- [TASK TO COMPLETE]: Would you retype the lines from the one that holds "本文核心思想:本文设计了一个" to the final line of the entries below, both ends included and exactly as written, but without pictures?

Segment Start: DATASET RECORDS

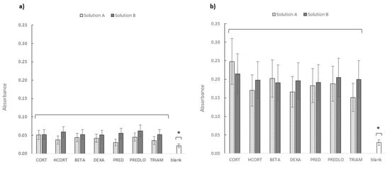 The HPLC-UV system consisted of a Shimadzu (Shimadzu Corporation, Milano, Italy) LC-20AT solvent delivery module equipped with a DGU-20A3 degasser and interfaced with an SPD-20A UV detector. The wavelength selected for analysis was 238 nm that is included in the absorption band of all the GCs. Each sample was diluted (30% v/v) with MeOH and injected (20 µL) into a 250 × 4.6 mm, 5 µm GraceSmart RP18 (Sepachrom) column, coupled with a similar guard-column. Isocratic elution was carried out for 20 min using ultrapure water–ACN mixture, 70:30 for CORT, HCORT, PRED and PREDLO; 65:35 for BETA, DEXA and TRIAM. After washing for 5 min with 100% ACN, the initial conditions were reestablished. The flow rate was 1.0 mL min−1. The instrumental quantification limits were 0.3 mg L−1 for CORT, HCORT and DEXA, 0.09 mg L−1 for BETA, 0.2 mg L−1 for PRED, PREDLO and TRIAM.
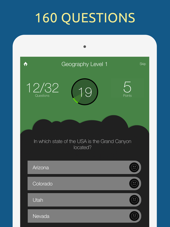 Trivia questions and answers are shuffled randomly every time you play. You can skip a question, if you don't know the answer. Play multiplayer one on one with your friends!
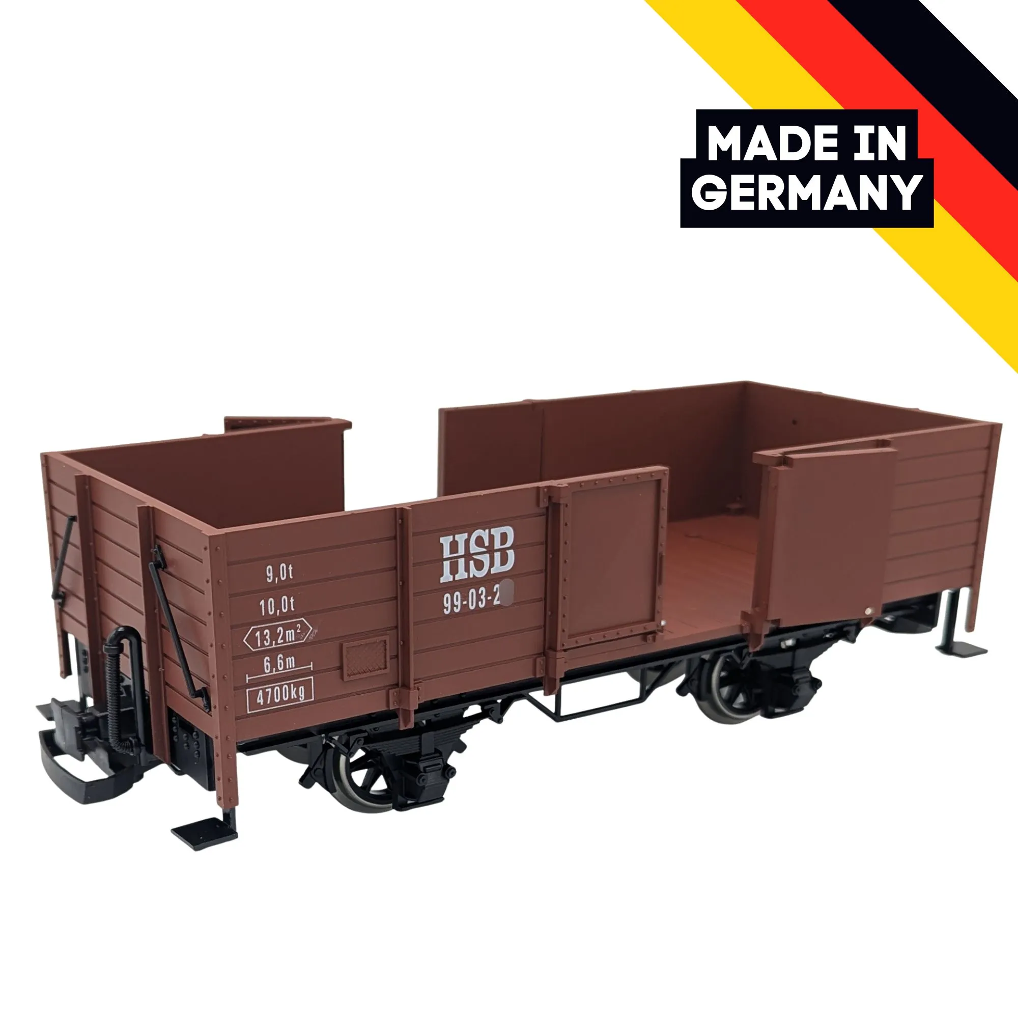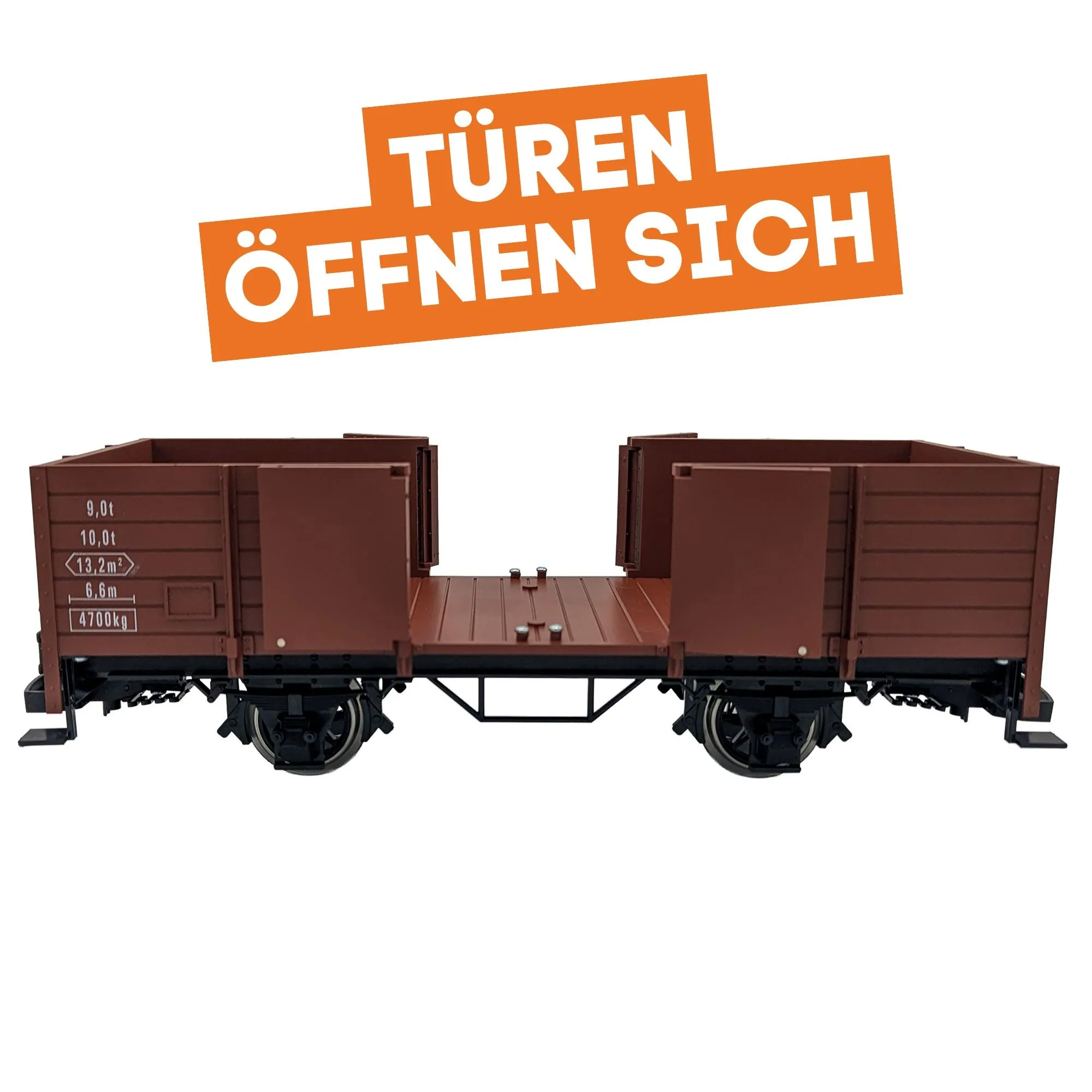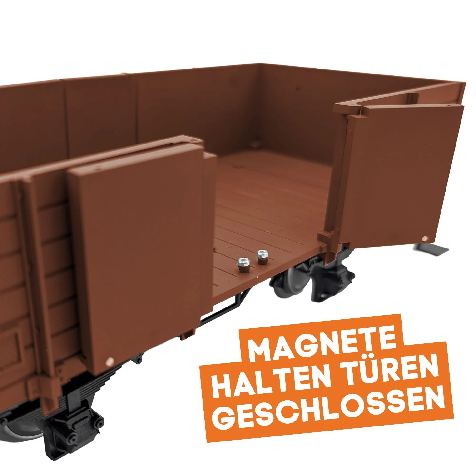 Die Türen lassen sich öffnen und machen Be- und Entladesituationen an Rampe, Ladestraße oder Anschlussgleis deutlich realistischer. Im geschlossenen Zustand hält ein Magnetverschluss sicher in Position, sodass der Wagen ordentlich wirkt und beim Fahren oder Rangieren kein ungewolltes Aufklappen entsteht.
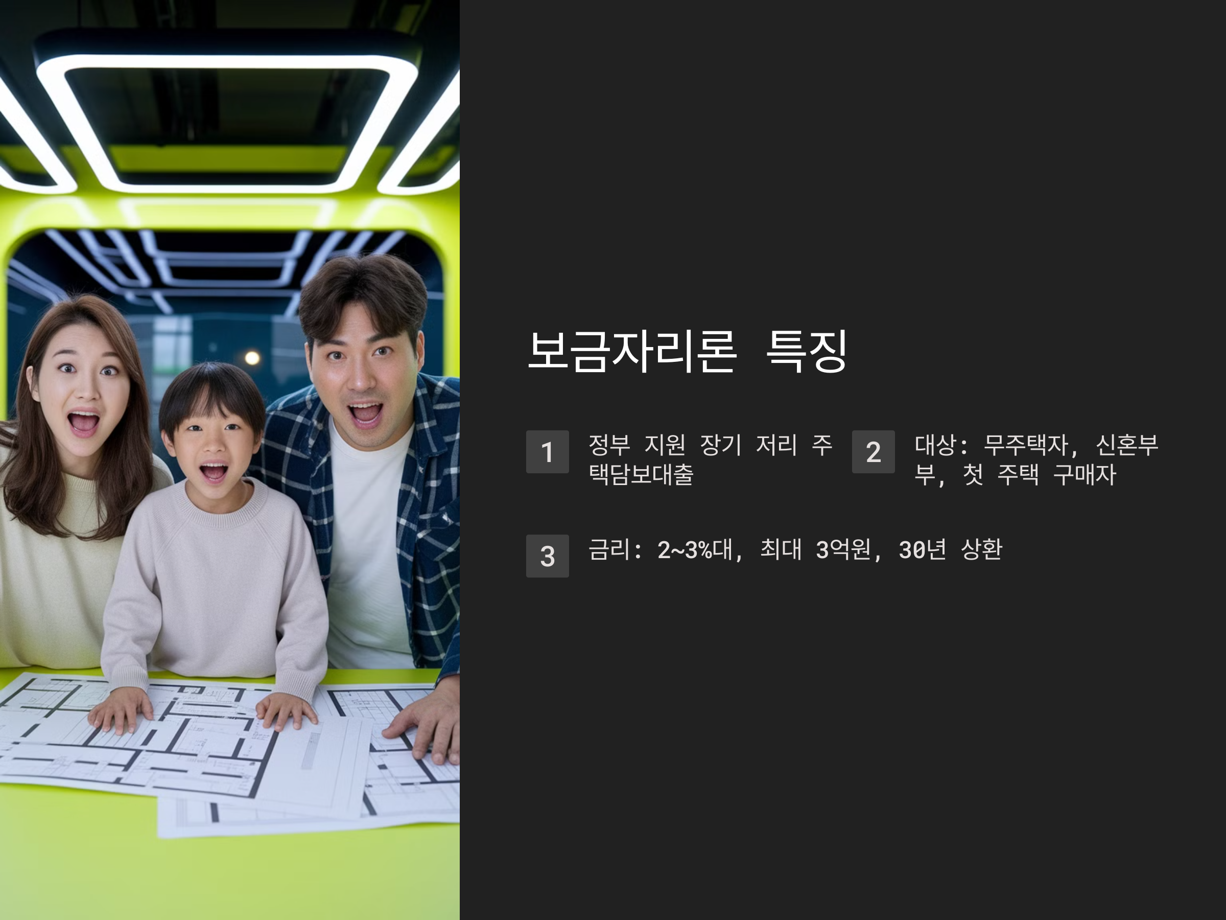 보금자리론은 주로 무주택자, 생애 첫 주택 구매자를 대상으로 하며, 소득 제한과 가구 구성원 등의 조건을 충족해야 합니다. 신청 전, 자격 요건을 꼼꼼히 확인하는 것이 중요합니다.
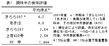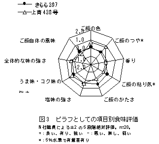 「初雫」は具材無しの調味米において食味評価が著しく低く(表1)、冷凍食品メーカーにおいて「上育438号」を用いて冷凍ピラフ製造試験を行ったところ、現行商品と比較して食味は劣ることなく、社内基準を満たしている(図3、表2)。 |
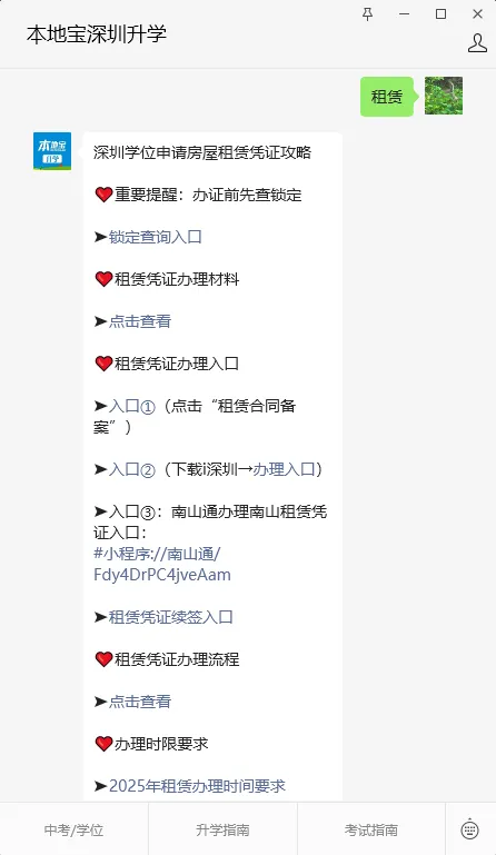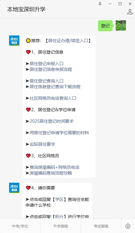 在“深圳公安”/“深圳市住房和建设局”公众号,或者长按下方二维码,进入【本地宝深圳升学】回复【登记】/【租赁】获取居住登记/租赁凭证办理入口、办理流程、办理材料等
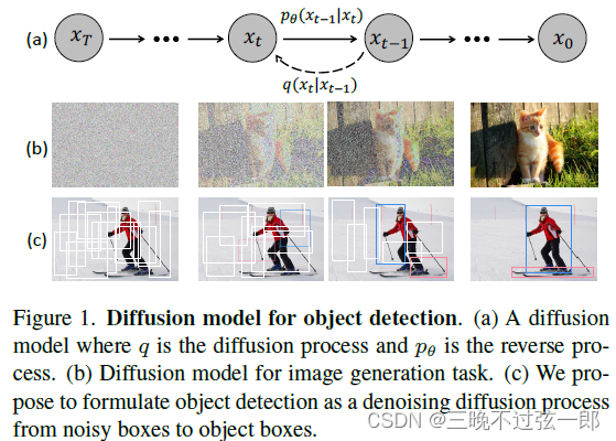本文核心思想:本文设计了一个新颖的检测框架,从一系列随机框中直接检测目标。随机的目标框不包含任何可学习的参数,即在训练阶段不用优化它,本文期盼渐进地改善这些框的位置和尺寸直到他们很好地覆盖了目标。这种noise-to-box的方法不需要任何启发式的目标先验或者可学习的queries,进一步简化了目标候选并推动目标检测的发展。如下图所示,noise-to-box的思想在降噪扩散模型中类似于noise-to-image的过程,noise-to-image是一类基于概率的模型通过可学习的降噪模型来逐渐移除噪声从而生成图像。扩散模型已经在许多生成任务上取得了巨大的进展,并开始在感知任务上探索。然而,扩散模型还从未在目标检测任务上成功应用。
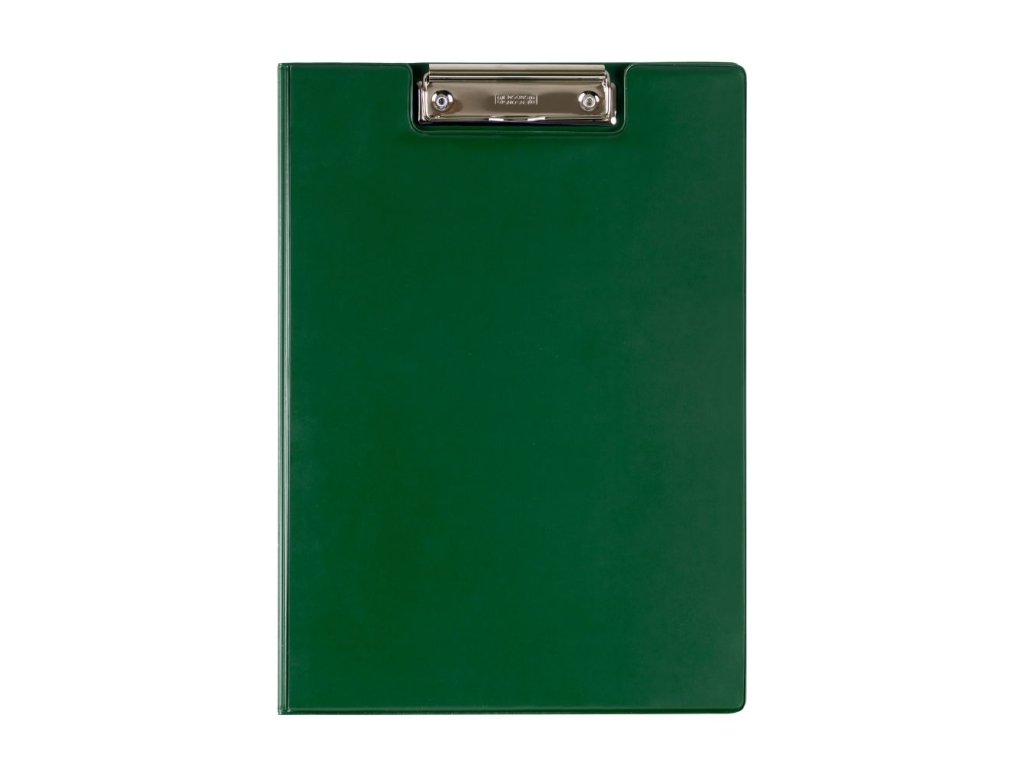 Uzatvárateľná písacia podložka s kovovým klipom, vyrobená z extra pevnej lepenky. Vnútorné priehľadné vrecko
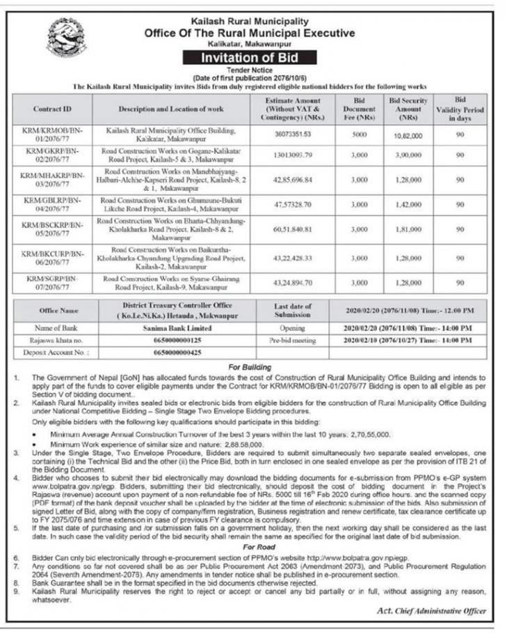 » बोलपत्र आवहान सम्बन्धि सूचना ! !

Segment End: DATASET RECORDS

- [REPLY]:
本文核心思想:本文设计了一个新颖的检测框架,从一系列随机框中直接检测目标。随机的目标框不包含任何可学习的参数,即在训练阶段不用优化它,本文期盼渐进地改善这些框的位置和尺寸直到他们很好地覆盖了目标。这种noise-to-box的方法不需要任何启发式的目标先验或者可学习的queries,进一步简化了目标候选并推动目标检测的发展。如下图所示,noise-to-box的思想在降噪扩散模型中类似于noise-to-image的过程,noise-to-image是一类基于概率的模型通过可学习的降噪模型来逐渐移除噪声从而生成图像。扩散模型已经在许多生成任务上取得了巨大的进展,并开始在感知任务上探索。然而,扩散模型还从未在目标检测任务上成功应用。
 Uzatvárateľná písacia podložka s kovovým klipom, vyrobená z extra pevnej lepenky. Vnútorné priehľadné vrecko
 » बोलपत्र आवहान सम्बन्धि सूचना ! !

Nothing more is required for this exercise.